A large amount of data regarding biodiversity is not yet accessible or visible, so effective and timely actions for the integrated management of biodiversity are limited.
Understanding and caring about biodiversity, along with using information on biodiversity for Colombia's development, is one of the nation's greatest challenges. Recently, the preoccupation of comprehending the causes of the loss of biodiversity has encouraged scientists to consolidate a species inventory from which patterns of change through time and space may be identified 1,2.
Offering primary open access data (biological records (registros biológicos and species lists) is evermore urgent because such data support research, education, and the decision-making that is related to a global integrated management of biodiversity3,4. A good example of the use of open data is Biomodelos (Biomodels), a digital tool developed by the Humboldt Institute. This application allows for communication between specialists in species distribution models. Such collaborative approach results in information that is useful in other research studies and decision-making.
Additionally, the Biodiversity Information System (SiB Colombia for its initials in Spanish5), is a collaborative network of knowledge construction that is of international renown. The network is coordinated by the Humboldt Institute. It encourages data visibility and reuse through a participative and interoperable model, and, as a national initiative, supplies the systematization, publication, and free access of Colombian biodiversity information.
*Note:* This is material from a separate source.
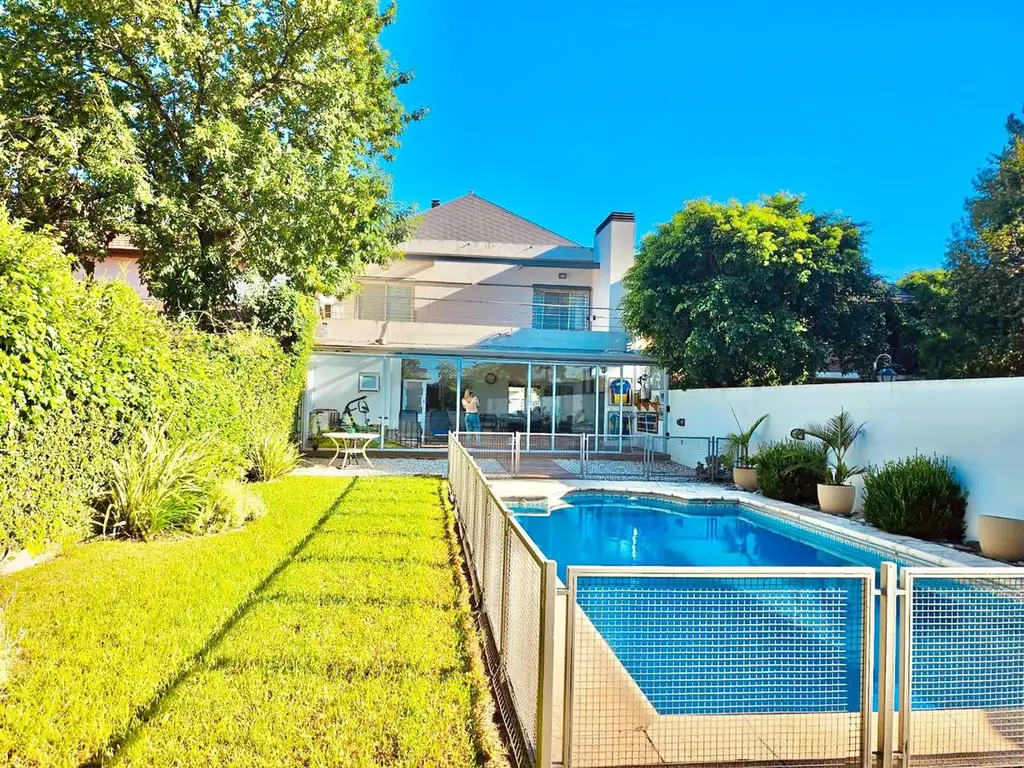 El inmueble se encuentra en un excelente estado de conservación, el sector social de la casa se conforma por su living comedor con la cocina integrada con barra desayunador, toilette de recepción amplio, galería cubierta con parrilla y amplio jardín libre con piscina climatizada quincho con baño completo.

SiB Colombia contains more than 3,000,000 biological records and 58 species lists due to the extensive participation of universities, NGOs, environmental authorities, research institutes, biological collections, and thematic networks. Nevertheless, a great part of biological data generated in the country is still not accessible, limiting effective and timely strategies for the integrated management of biodiversit.
Having data and information publicly accessible implies institutional challenges that include supporting the cost of infrastructure maintenance and the availability of information through time. Similarly, scientists are responsible for documenting, standardizing, and publishing data6. The number of biological records and registered species between 2014 and 2015 has increased, which means that the opposition towards publishing data in open platforms is decreasing. In order to advance in the completion of the national inventory of Colombian biological diversity, researchers and institutions should work together to make biodiversity data available to the public.